2. Klar ist, dass Solarstrom aus der Sahara heute bei weitem nicht wettbewerbsfähig wäre. Das zumindest für die Durchleitung des Wüstenstroms benötigte EU-Land Frankreich setzt weiterhin auf preisgünstigen Atomstrom. Dieser würde auch in Zukunft deutlich günstiger sein als Solarstrom.

3. In der Tat sind die Argumente der Fotovoltaik-Lobby gegenüber Desertec schwach. Sie beruhen auf der Angst heutiger Subventionsempfänger, in naher Zukunft Konkurrenz von einer weiteren um Subventionen werbenden Lobby zu bekommen. Dennoch hat die Fotovoltaik-Lobby recht, wenn sie darauf hinweist, dass Solarstrom aus der Sahara in Deutschland nicht gebraucht wird. Denn es gibt hier neben sehr kostengünstig arbeitenden, weil abgeschriebenen Kernkraftwerken auch moderne Braunkohlekraftwerke, die Strom viel, viel kostengünstiger liefern, solange dieser nicht durch den CO2-Emissionshandel und/oder Öko-Steuern künstlich verteuert wird. Somit bin ich bereits beim Punkt 4.

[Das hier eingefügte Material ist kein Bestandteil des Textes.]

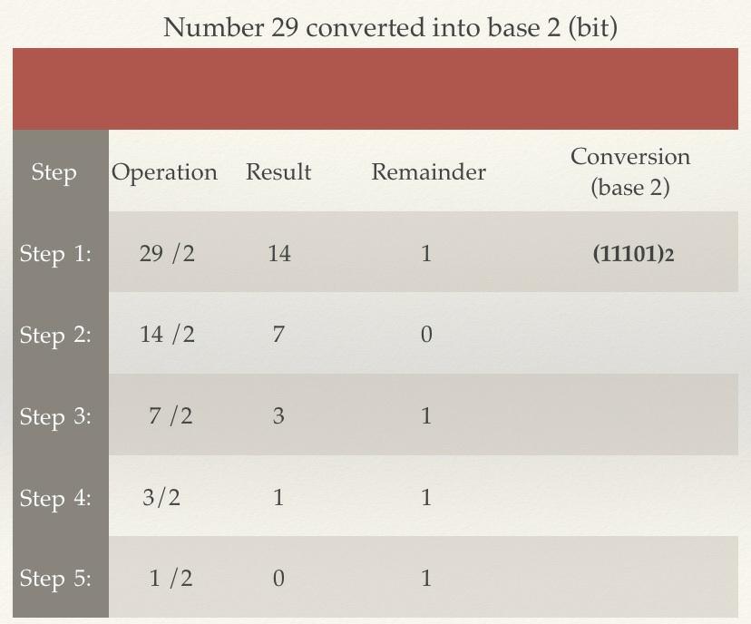 Figure 1.2 – Conversion of the number 29 into base 2 (bits)
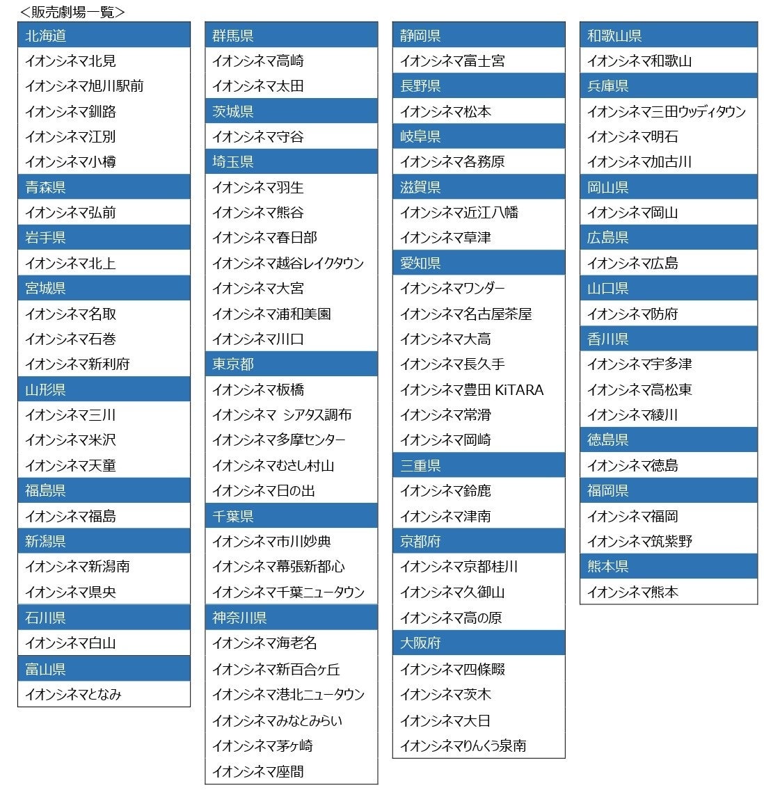詳細は別紙の販売劇場一覧をご参照ください。
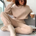 The European and American Autumn Women’s Knitted Fleece Casual Two-Piece Set combines comfort, style, and versatility for an effortless yet fashionable look. Here’s a detailed description to showcase its appeal:
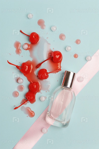 Флакон духов на голубом фоне с розовой лентой. Коктейльная вишня в пролитом сиропе. Рекламная концепция
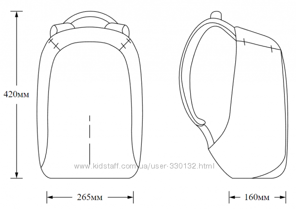 - Размеры рюкзака: 45 х 30 х 16,5 см
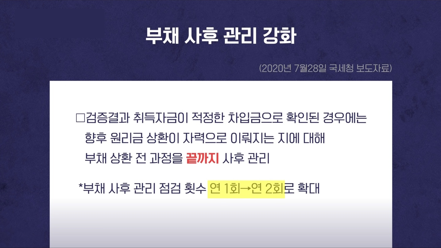 국세청은 보도자료를 통해 대출·임대보증금을 낀 주택 편법증여에 대한 전수조사를 진행할 것이라고 밝혔습니다. 부채 상환 전 과정을 끝까지 사후 관리 한다고 하니, 이점 꼭 참고하시기 바랍니다.
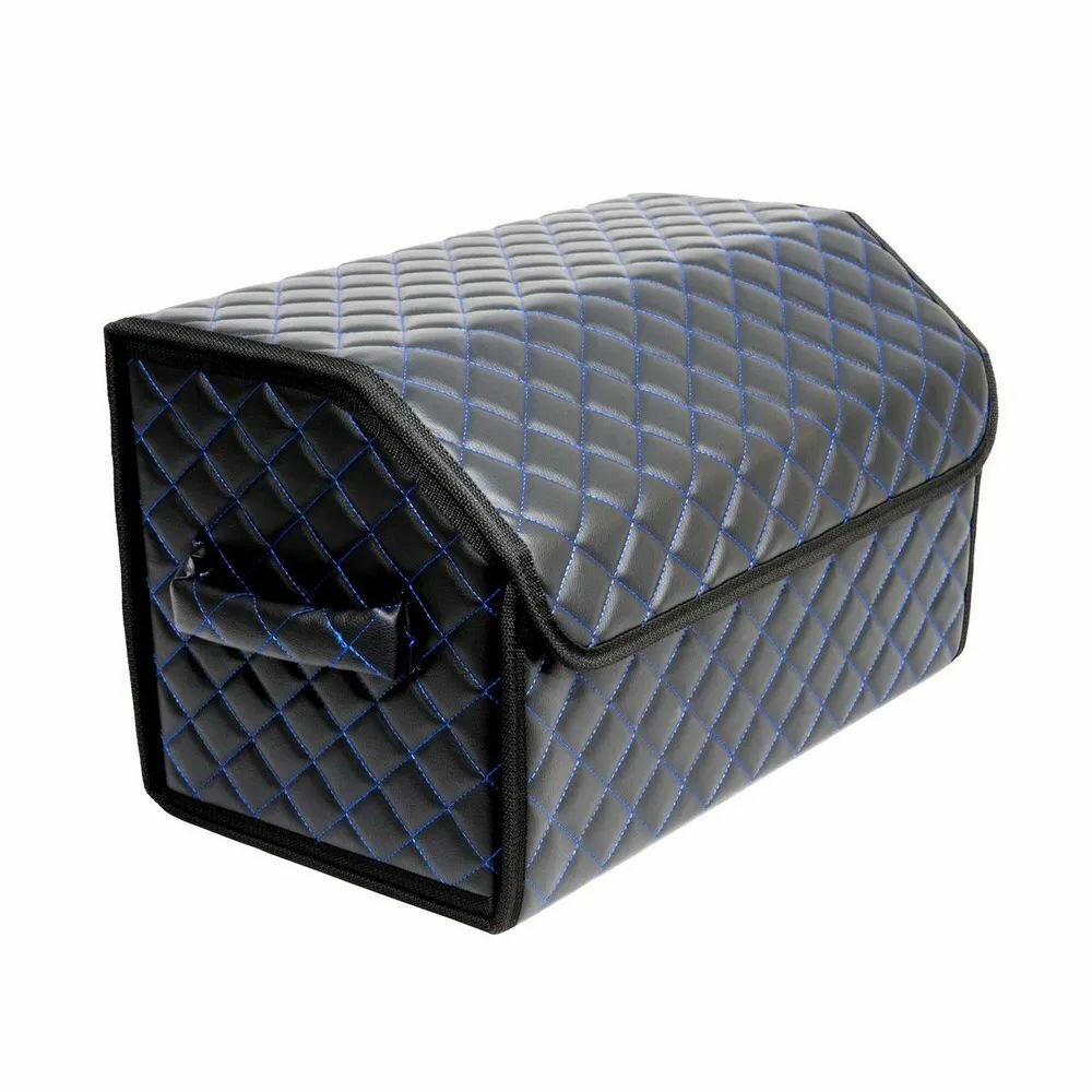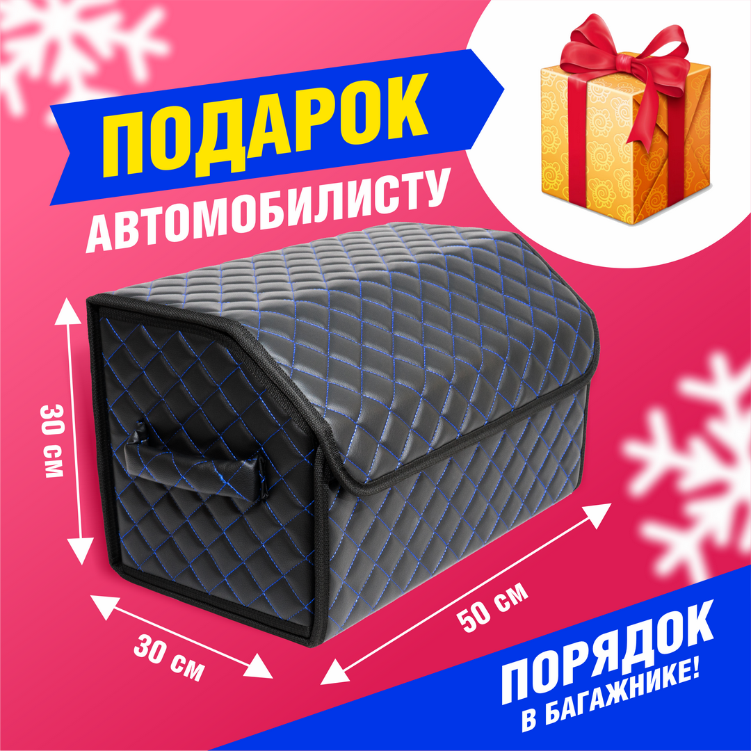 10 цен на Сумка - Органайзер в багажник автомобиля из экокожи (черный с синей строчкой, 50х30х30)

  1. 4. Was bringt die Kollegen bzw. die Münchner Rück dazu, zu behaupten, das Kohlezeitalter gehe unweigerlich zu Ende? Im Gegenteil spricht Vieles dafür, dass es gerade erst richtig beginnt. Nicht nur in China gehen Kohlekraftwerke im Wochenrhythmus in Betrieb. Und wer wollte behaupten, die Kohlevorräte der Erde gingen zur Neige? Es gibt allenfalls vorübergehende Nachschubprobleme, aber keine Verknappung von Kohle. Die bekannten Lagerstätten reichen noch für Jahrhunderte. Da nicht nachweisbar ist, dass das bei der Verbrennung von Kohle entstehende Kohlenstoffdioxid irgendeinen negativen Einfluss auf Wetter und Klima ausübt, besteht kein Grund, auf die Nutzung dieses Naturschatzes zu verzichten.

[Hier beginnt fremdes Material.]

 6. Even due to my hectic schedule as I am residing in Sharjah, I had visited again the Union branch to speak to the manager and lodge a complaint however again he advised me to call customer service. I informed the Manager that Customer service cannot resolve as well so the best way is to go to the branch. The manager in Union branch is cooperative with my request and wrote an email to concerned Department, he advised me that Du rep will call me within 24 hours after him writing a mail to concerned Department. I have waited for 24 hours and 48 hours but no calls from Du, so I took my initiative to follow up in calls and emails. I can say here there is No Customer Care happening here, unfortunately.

  2. 5. In der Tat würde uns Desertec abhängig machen von politisch höchst instabilen Ländern. Insbesondere in Algerien, das, rein technisch gesehen, die besten Standortbedingungen für solarthermische Kraftwerke böte, gibt die politische Entwicklung Anlass zu großer Sorge. Die politische Macht befindet sich dort in den Händen einer aus der nationalen Befreiungsbewegung FLN  gegen die französische Kolonialmacht hervorgegangenen Filzokratie. Nicht von ungefähr hat der in Algerien aufgewachsene französische Literaturnobelpreisträger Albert Camus, trotz seines Engagements gegen den Kolonialismus, immer wieder davor gewarnt, die politische Macht in die Hände von „Banditen“ geraten zu lassen. Die in Algerien seit Jahrzehnten herrschende Cliquenwirtschaft hat verhindert, dass das mit Bodenschätzen aller Art gesegnete Land zu Wohlstand gelangt. Arbeitslosigkeit, Wohnungsnot und fortschreitende Armut bereiten den Boden für Terroristen des Al-Kaida-Netzwerkes, deren erklärtes Ziel die Wiederherstellung des Kalifats Al Andalus bis zu den Pyrenäen und darüber hinaus bis nach Südfrankreich ist.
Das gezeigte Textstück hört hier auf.